The disc tube type reverse osmosis technology shows great advantages in the field of treating high-concentration refractory organic wastewater, the width of a flow channel is increased by the aid of the convex point structures on the flow guide plate, inflow wastewater is in a turbulent flow state, the scaling tendency of the membrane surface is effectively reduced, membranes are stacked layer by layer, flux is improved, and the membranes can be replaced independently and are convenient to operate. Compared with the traditional reverse osmosis process, the disc tube type reverse osmosis not only remarkably improves the flux and the water recovery rate, but also greatly improves the tolerance degree to inorganic salts and organic matters, the technology is applied to the treatment of landfill leachate at the earliest, and can treat high-salt organic wastewater with COD up to 35000mg/L and salt content of 3-6%. However, the technology has harsh operating conditions, the operating pressure generally needs to be more than 90bar, the membrane shell needs to be capable of bearing 90-120bar, the membrane needs to adopt a special anti-pollution reverse osmosis membrane (mainly depending on an inlet), and pipelines, valves, pumps and the like in the whole system need to be high-pressure resistant and corrosion resistant, so that the system is special in material, complex in structure, and high in equipment investment cost and operating cost.
The membrane distillation is based on the heat method for desalting, the mass transfer and the heat transfer are carried out simultaneously, the system generally operates under the conditions of normal pressure, medium and low temperature (40-60 ℃), the membrane adopts a hydrophobic microporous membrane, and the equipment investment cost and the operation cost are low. But different from a disc-tube type reverse osmosis membrane component, disc-tube type membrane distillation needs to realize high-efficiency mass transfer of the membrane component and high-efficiency utilization of heat of a membrane system, and therefore the disc-tube type membrane distillation component is designed to overcome the following main difficulties: 1. the high-pressure resistant structure of the disc-tube type reverse osmosis component is changed into a normal-pressure structure, so that the turbulent flow state control of the disc-tube type membrane component under the normal-pressure condition is realized. 2. The evaporation mass transfer function in the disc tube type component is added, and the evaporation-condensation process of the waste water on the hot and cold sides of the membrane element is realized. 3. The heat exchange function of the disc-tube type membrane component and the system is increased, and the high-efficiency utilization of heat in the disc-tube type membrane distillation process is realized by adopting multiple-effect, self-heat exchange and other modes. 4. And the water inlet and outlet positions of the disc-tube type membrane component, the membrane element, the object to be treated, a purified water flow channel, a central pull rod and other units are reconstructed, so that the high-efficiency concentration of wastewater and the high-efficiency condensation of steam of the disc-tube type membrane distillation system are realized.
Disclosure of Invention
The invention provides a disc tube type vacuum multi-effect membrane distillation assembly and a system aiming at the problems.

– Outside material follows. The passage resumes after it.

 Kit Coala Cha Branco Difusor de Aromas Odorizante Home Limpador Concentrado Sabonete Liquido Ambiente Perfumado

In order to achieve the purpose, the invention adopts the following technical scheme:
a disc tube type vacuum multi-effect membrane distillation assembly comprises a disc tube type component, wherein a membrane on a disc type membrane in the disc tube type component is a pervaporation membrane or a distillation membrane.
Further, the disc tube type component comprises a shell, an upper flange and a lower flange are respectively arranged at two ends of the shell, the upper flange and the lower flange are fixed through a central pull rod, a flow guide disc and a disc type diaphragm are arranged inside the shell, and an inlet for a substance to be treated, a concentrate outlet and a purified water outlet are formed in the upper flange or the lower flange.

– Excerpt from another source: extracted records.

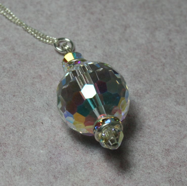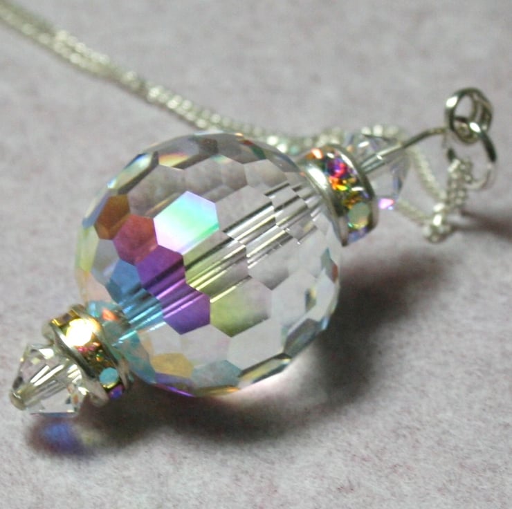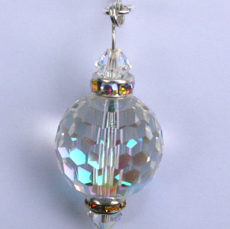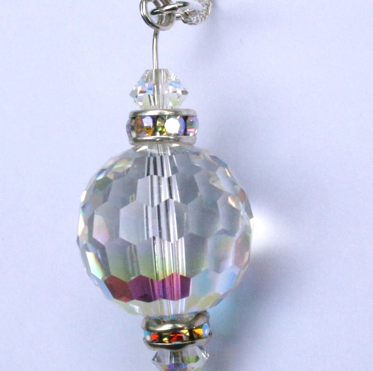 I loved this Swarovski crystal element bead so much that I made one of these necklaces for myself. The bead is multi faceted and has an ab coating so it reflects surrounding colours. I have also added ab rondelles ot the top and bottom of the headpin for even more glamour.
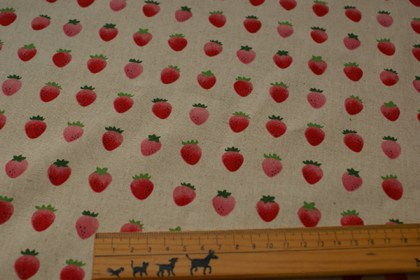 薄めのリネンカラーの地色に、美味しそうなかわいい苺達が並んでいます。 厚みはオックス地程度の厚さです。 バッグや布小物、インテリヤ等、活躍してくれそうです♪v(*'-^*)ゞ^;*・'゜☆ブイ☆
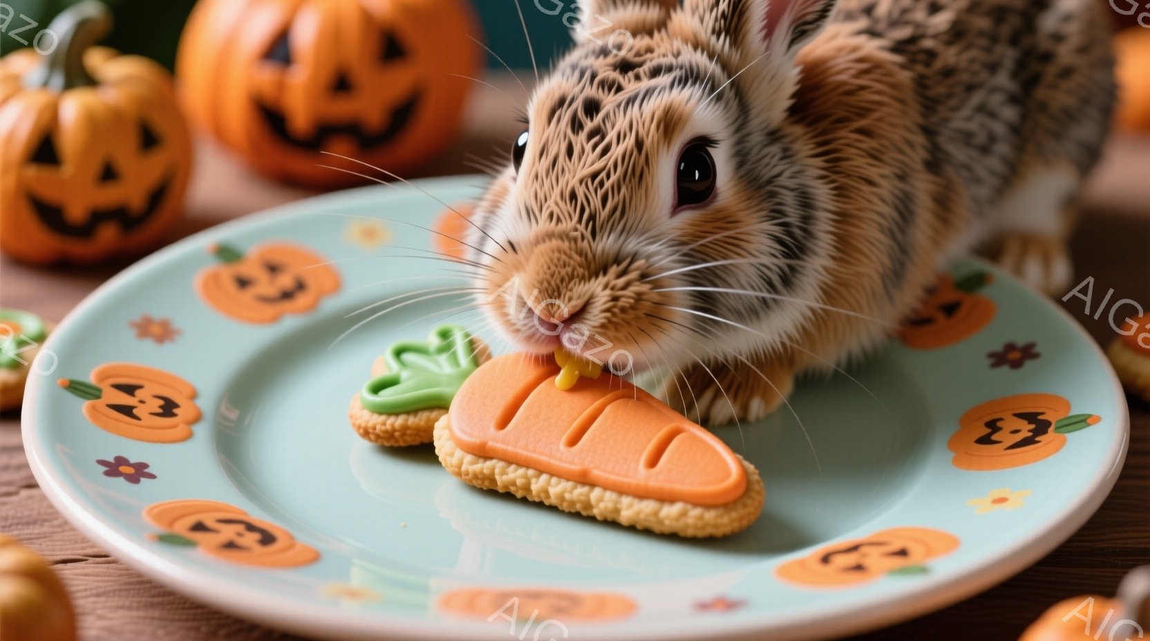 オレンジ色の可愛らしいウサギが、カラフルなクッキーを食べるために近づいている様子が写っています。クッキーはニンジン型で、緑色の葉っぱのデコレーションが施され、ハロウィーン風のパンプキン柄の皿に載せられています。背景にはぼんやりとオレンジ色のパンプキンがいくつか見え、全体的に暖かく、お祝いムードにあふれています。

And furthermore, the central pull rod is of a hollow structure, and a cavity of the central pull rod is used as a cooling channel for introducing a cooling medium to accelerate the condensation speed of steam.
Furthermore, the water purification outlet is arranged on the lower flange plate, and the upper flange plate is connected with a vacuumizing device through a pipeline and used for vacuumizing the water purification channel to enable the water purification channel to be in a negative pressure state, so that the circulation speed of steam is increased.

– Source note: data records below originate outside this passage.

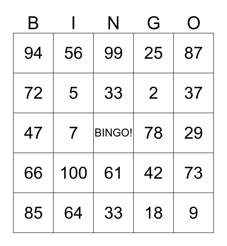 This bingo card has a free space and 24 words: 100, 64, 33, 85, 87, 94, 72, 56, 78, 61, 2, 47, 42, 73, 5, 18, 29, 99, 37, 7, 9, 66, 25 and 33.
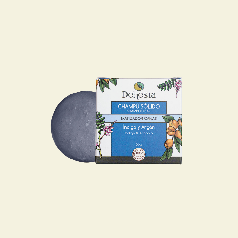 El Champú Solido BIO con Índigo y Argán de Dehesia para cabellos blancos, grises o con mechas rubias es un champú azul en formato sólido elaborado artesanalmente con polvo de índigo, aceites vegetales y extractos botánicos nutritivos para ayudar a mejorar el color y eliminar los reflejos amarillentos. Una fórmula natural y vegana, certificada ecológica, sin sulfatos ni parabenos ni ningún ingrediente de origen sintético. Su color azul se debe al polvo de índigo natural.
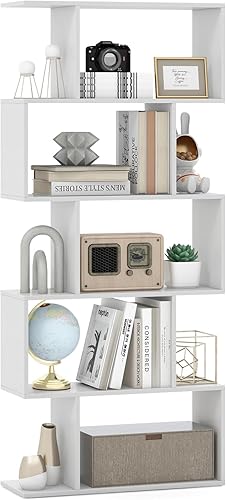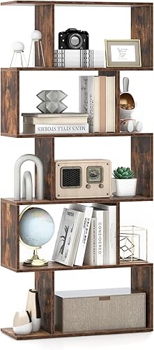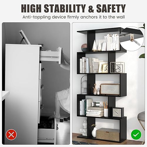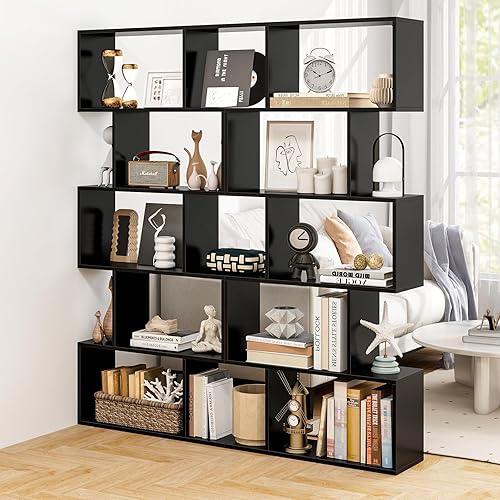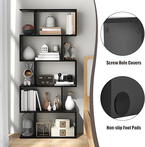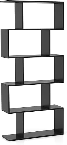 GIANTEX Bibliothèque à 5 niveaux, 70 x 23,5 x 158 cm, séparateur de pièce, en bois, en forme de S, étagère de rangement pour salon, chambre à coucher, bureau (noir)

The multi-effect membrane distillation system comprises at least two membrane distillation assemblies which are connected in series step by step, and a concentrate outlet and a to-be-treated substance inlet of the adjacent membrane distillation assemblies are respectively connected in series, so that the multi-stage concentration of sewage is realized.
Furthermore, the central pull rods of the adjacent membrane distillation assemblies are connected in series, so that the cooling channels are communicated, and the flow direction of the cooling medium is opposite to that of the object to be treated.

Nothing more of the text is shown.